Yesterday's Star-Ledger has a piece about Newark's high school graduation rate, and New Jersey's lack of any standard formula for calculating this data. According to the Star-Ledger,

the National Governors Association developed a standard method to determine the number of students who successfully complete high school in a four-year period. Governors from all 50 states signed the association's Graduation Counts Compact in 2005, and agreed to start using it as soon as possible.


Excellent. We applaud statistical integrity. As Commissioner Lucille Davy says in the article, "Measuring apples-apples is always important." However, for reasons that remain murky, New Jersey won't begin using this standard method until 2010.

The superintendent of Newark public schools, Clifford Janey (recently in the news for the gasps inspired by his $300K+ salary), is impatient and will therefore implement the National Governor's Association's rubric this year. But here's the rub: last year's graduation rate for Newark was 87%. The new formula brings it down to 63.4%.

Says the Ledger,

For the past few years New Jersey has ranked at the top of the nation when it comes to graduation rates. If Newark's fall means anything, the state average could drop once every district begins using the new formula.
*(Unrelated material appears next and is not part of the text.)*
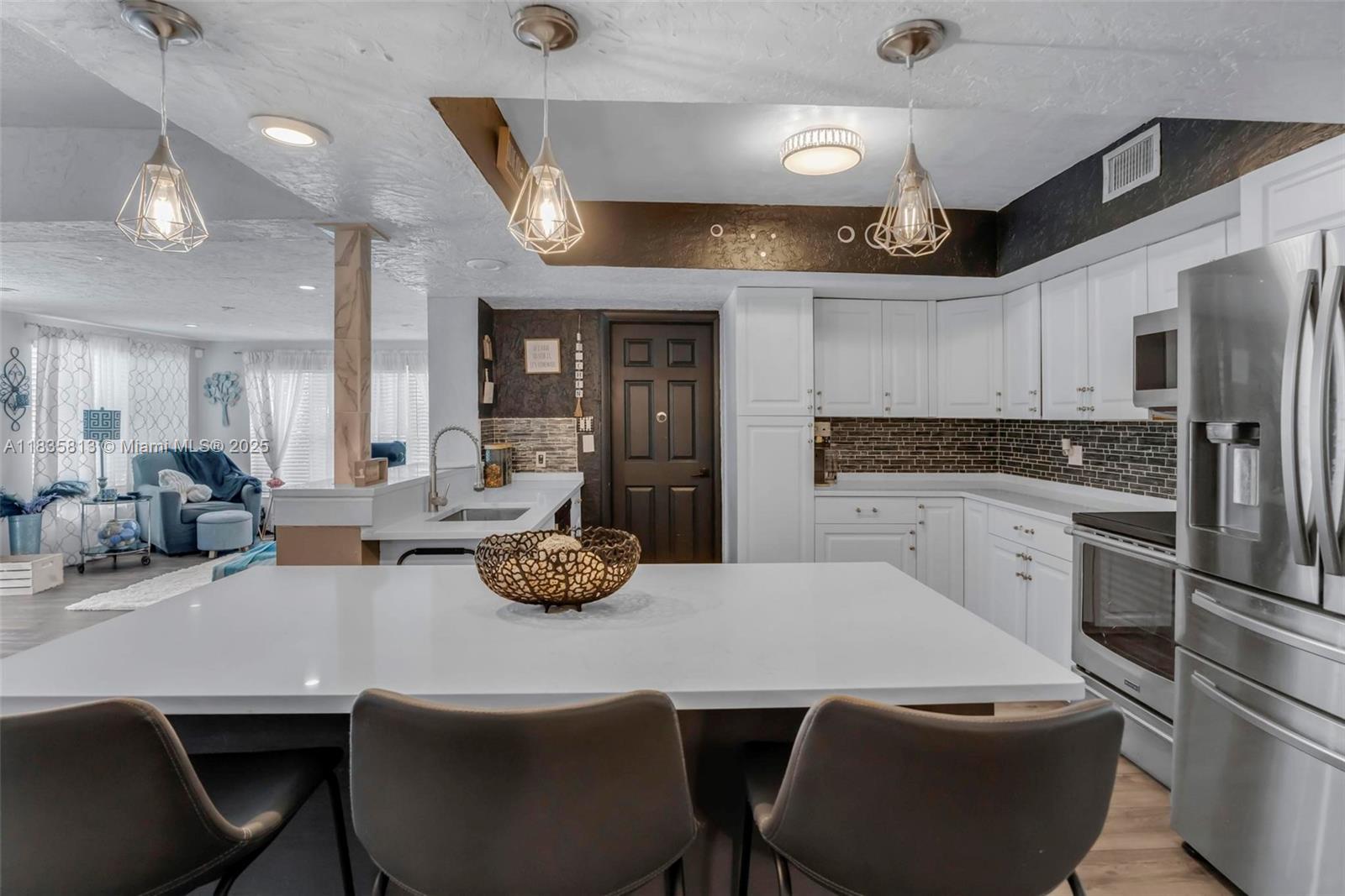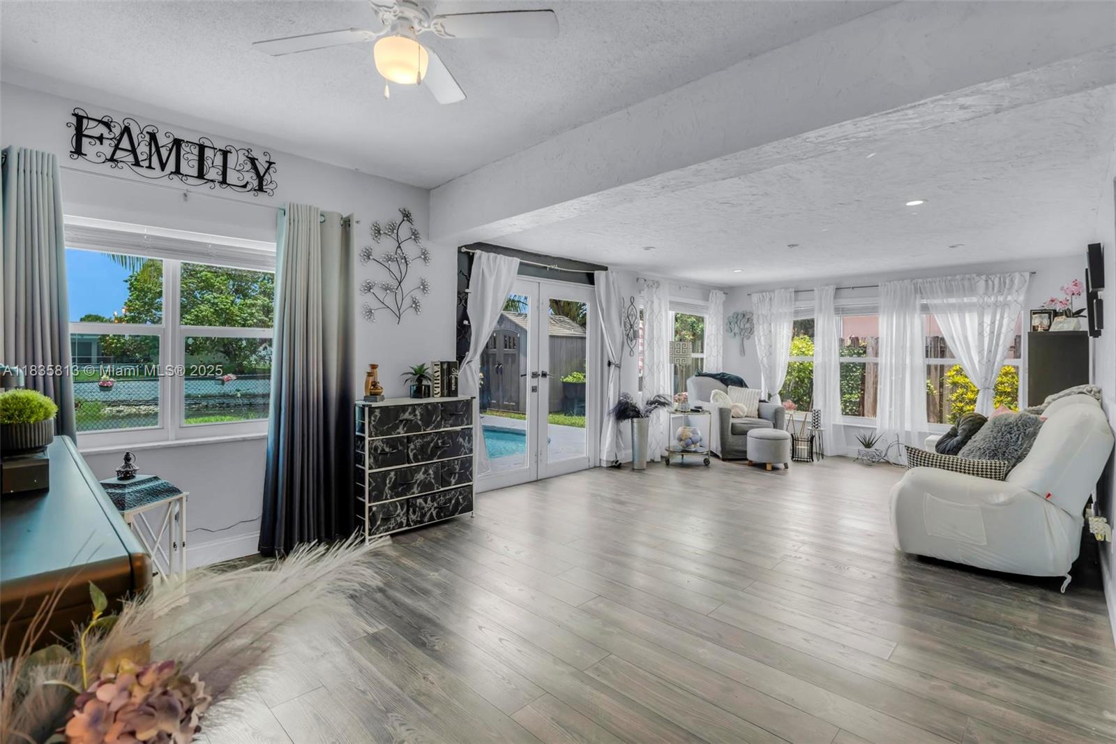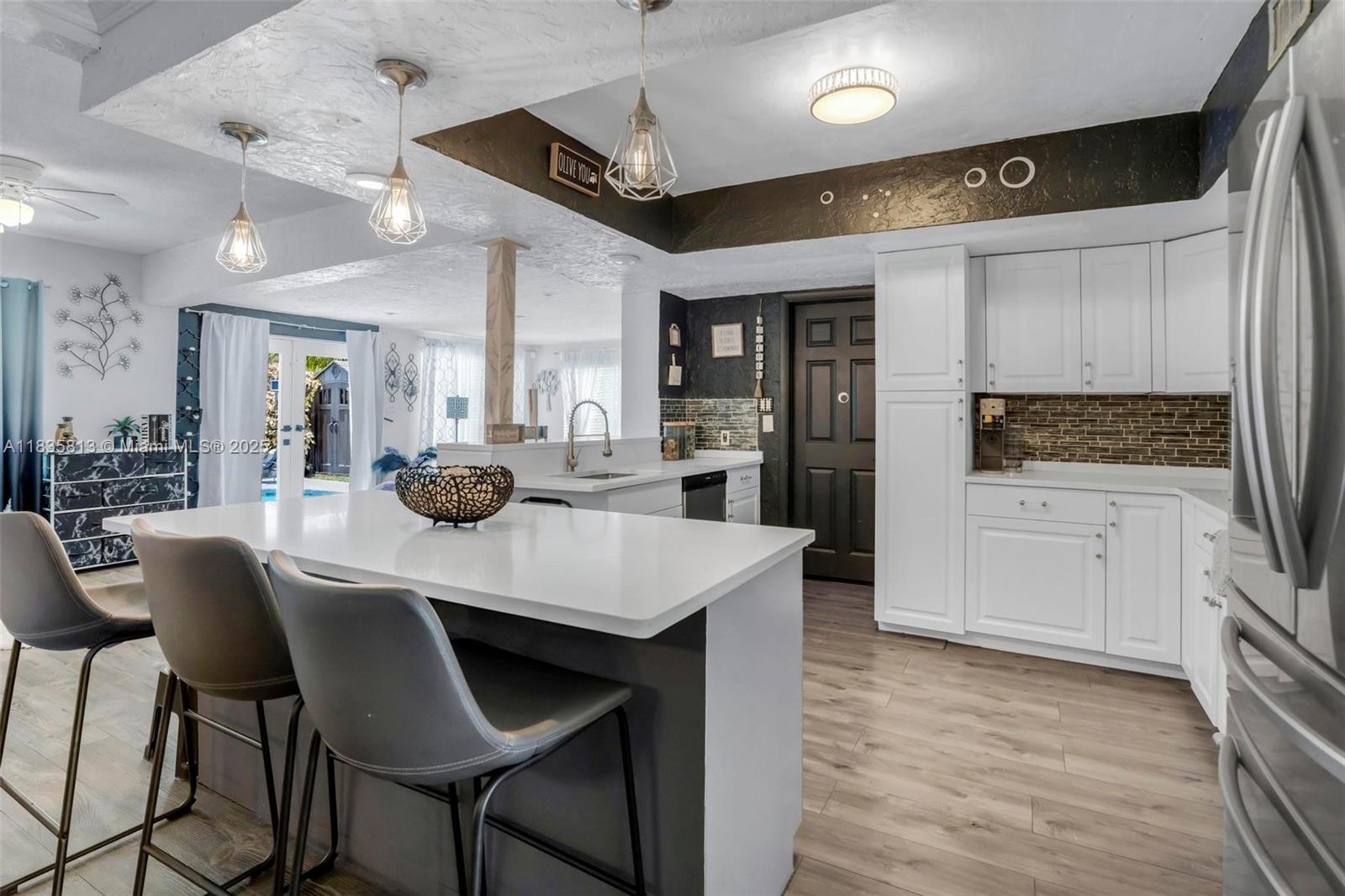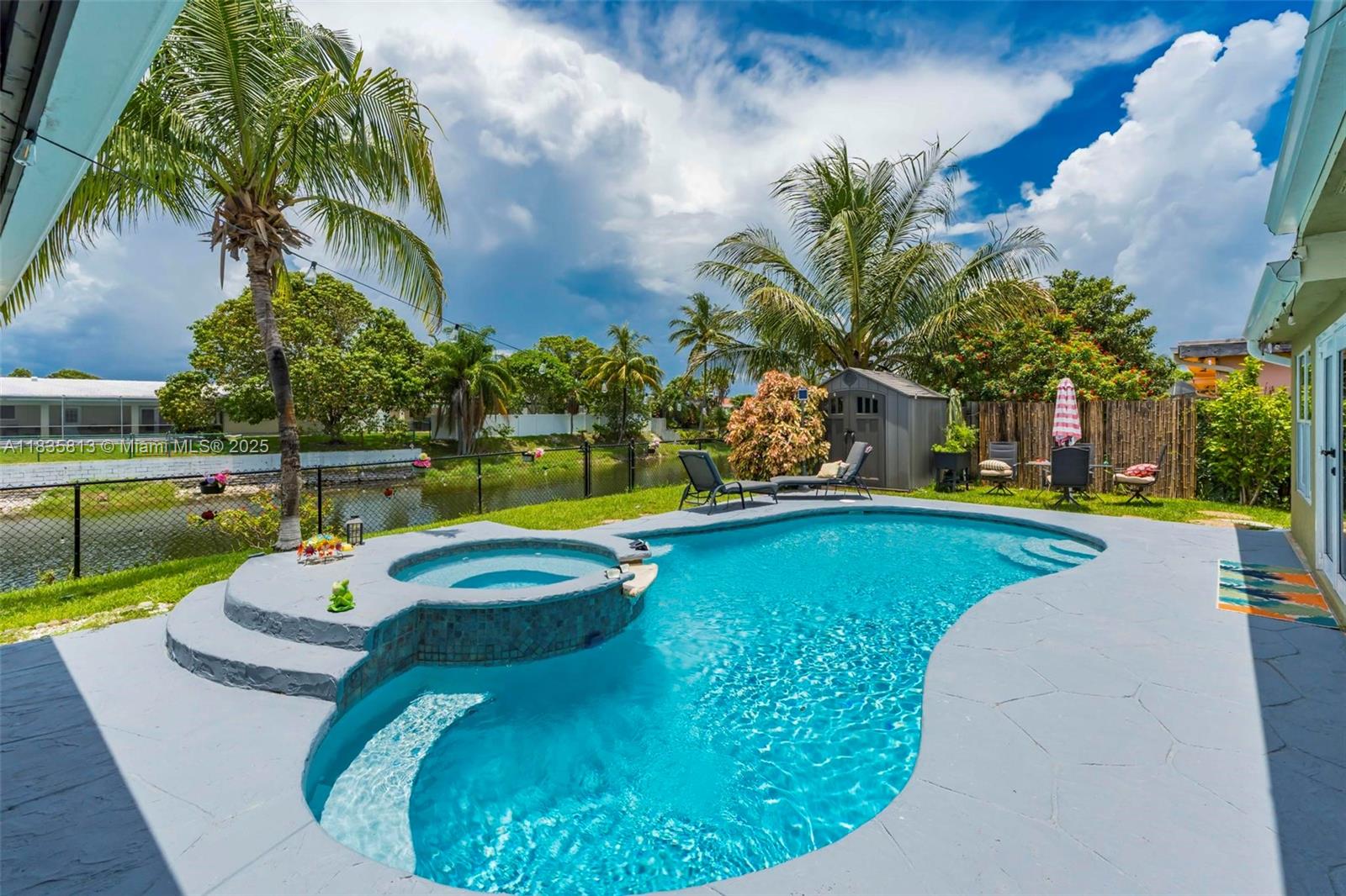 Make this gorgeous 3/2 waterfront pool home yours today! This lovely home has everything you need. Relax in the backyard by the pool overlooking the lake. Updates throughout the entire house. Large family room overlooking the pool and water. New roof, new AC unit, new water heater. Primary suite features large custom bathroom which cabanas out to the pool area. Bathroom fully updated accompanied with a bidet and his and hers sinks. Hurricane Impact windows throughout the whole house including doors. Washer and dryer in the garage. Covered patio with bar area all overlooking the pool and water. Pool features a spillover spa. Don't miss out on this gem!!

Hmmm. On the one hand, the State DOE seems to be feeling quite leisurely about implementing the Governor's Association's formula for calculating graduation rates, a change that will, at least judging by Newark's results, radically reduce an important measure of success for NJ's public high schools.

On the other hand, the State DOE is so eager to adjust the way districts calculate Annual Yearly Progress (AYP) that just this summer, after all standardized tests were taken, they changed the scoring rubric, causing many more schools to fail to make the cut-off and making administrators and school boards apoplectic.

Who's running the fruit stand? Can we speak to the manager?